The film shows the risks and insecurities faced by young boys plucked from their families and loved ones.
We encounter a younger Emmanuel Eboue (now at Arsenal) and Yaya Toure (now at Barcelona) and their hazard-strewn paths to global stardom.
Drogba Fever
If Chelsea striker Didier Drogba becomes more popular than he already is, he will move into the equivalent of Mahlamba Ndlopfu, or whatever the Ivorians call their president’s residence.
In this documentary (which is a tad amateurish), directed by Naashon Zalk, the filmmaker goes in search of the Drogba legend on the football pitches of Abidjan and in the striker’s ancestral village, where he has built a school, houses and drilled a borehole.
The film also examines Drogba’s role in ending the civil war that divided the rebel-controlled north from the government-run south.
The Gods of Brazil
Who is the greatest Brazil player of all time?
Pele, I hear you say. Perhaps not — it could be Garrincha. At least, that’s what this documentary, made by Jean-Christophe Rosé, seems to suggest.
The debate about the world’s greatest footballer is one that is regularly dusted off whenever an exceptional player emerges.

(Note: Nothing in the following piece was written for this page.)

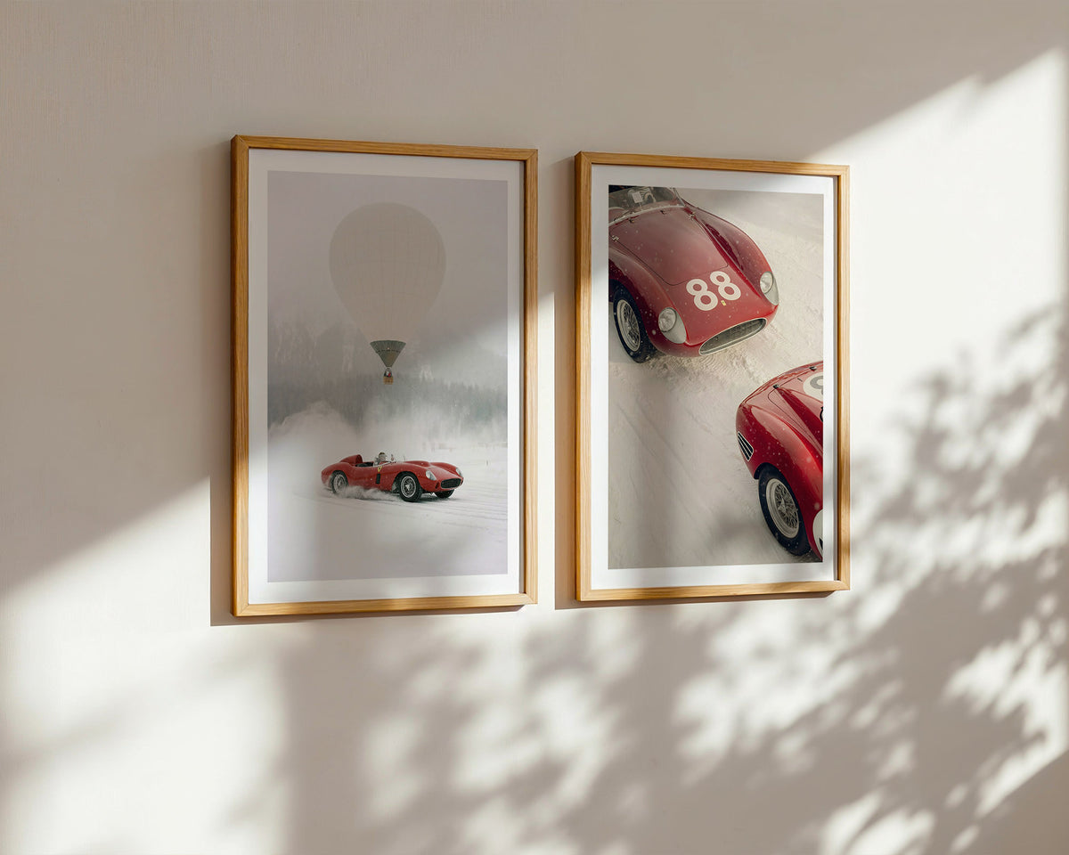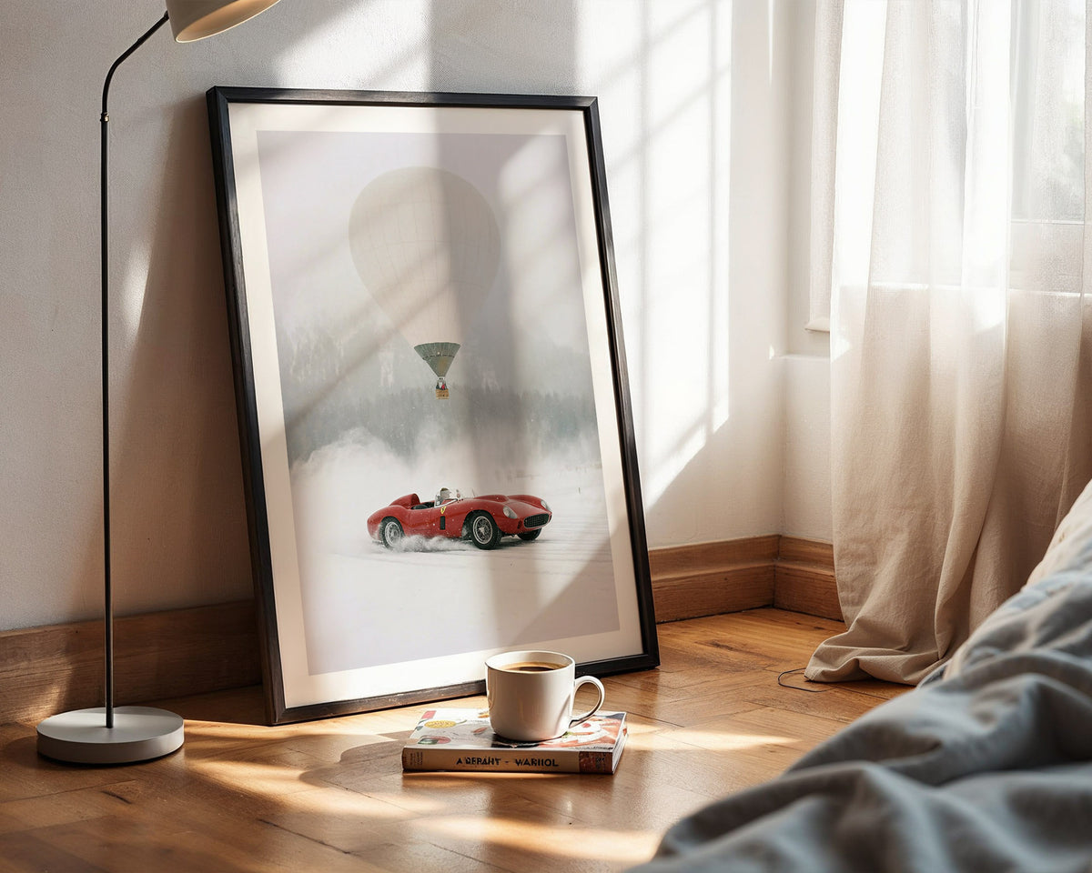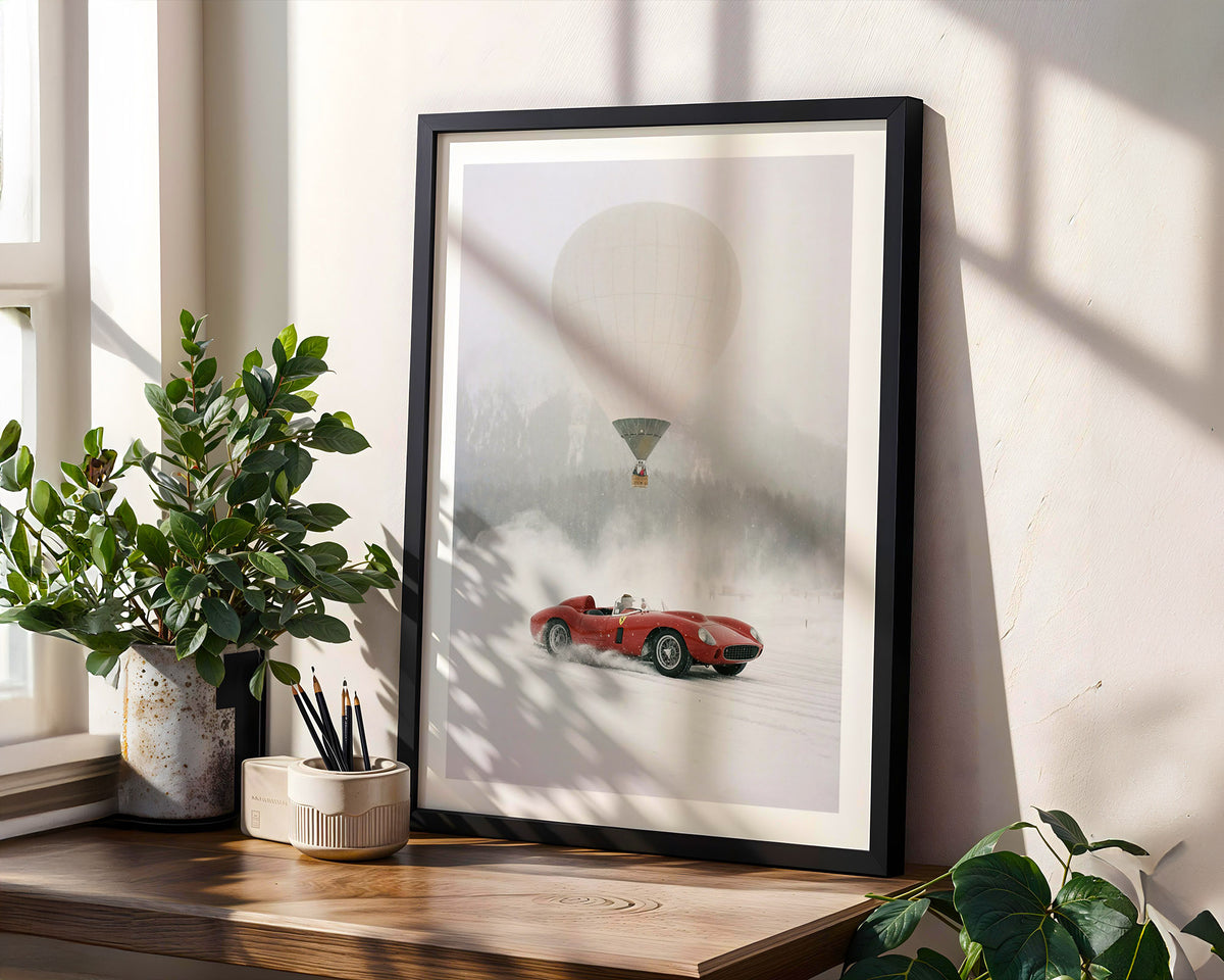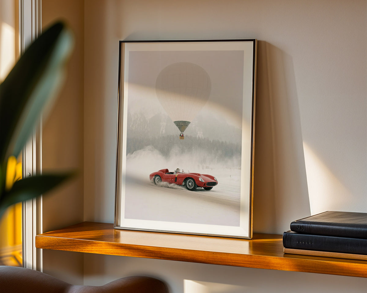 Subtle film grain and muted winter tones give the artwork an archival, cinematic feel—an homage to an era when performance, design, and adventure were inseparable. Printed on museum-grade paper, this piece is created for collectors drawn to vintage Ferrari history, Alpine travel, and timeless automotive design.

Using archive footage — some of it grainy — the immensely watchable DVD charts the path of Pele and Garrincha, two of Brazil’s football legends. It shows how Pele, ever so clever and media savvy, is regularly held up as one of the best players in the world, whereas the other, an alcoholic who died at 49, is known only by football aficionados of a certain age.
The Game of Their Lives
More than 40 years ago, in 1966, North Korea qualified for the World Cup hosted by England. But there was a problem: enmity between England and North Korea — and the former was wary of doing anything that would let the communist republic score diplomatic points.
By interviewing seven survivors of the team — wizened old men in medallion-studded jackets — Daniel Gordon tells the improbable story of the team no one gave a chance. They arrived in England incognito, endeared themselves to the Middlesborough working class and reached the quarter-final, passing through a group that included Italy and the Soviet Union. A beautiful David-and-Goliath story.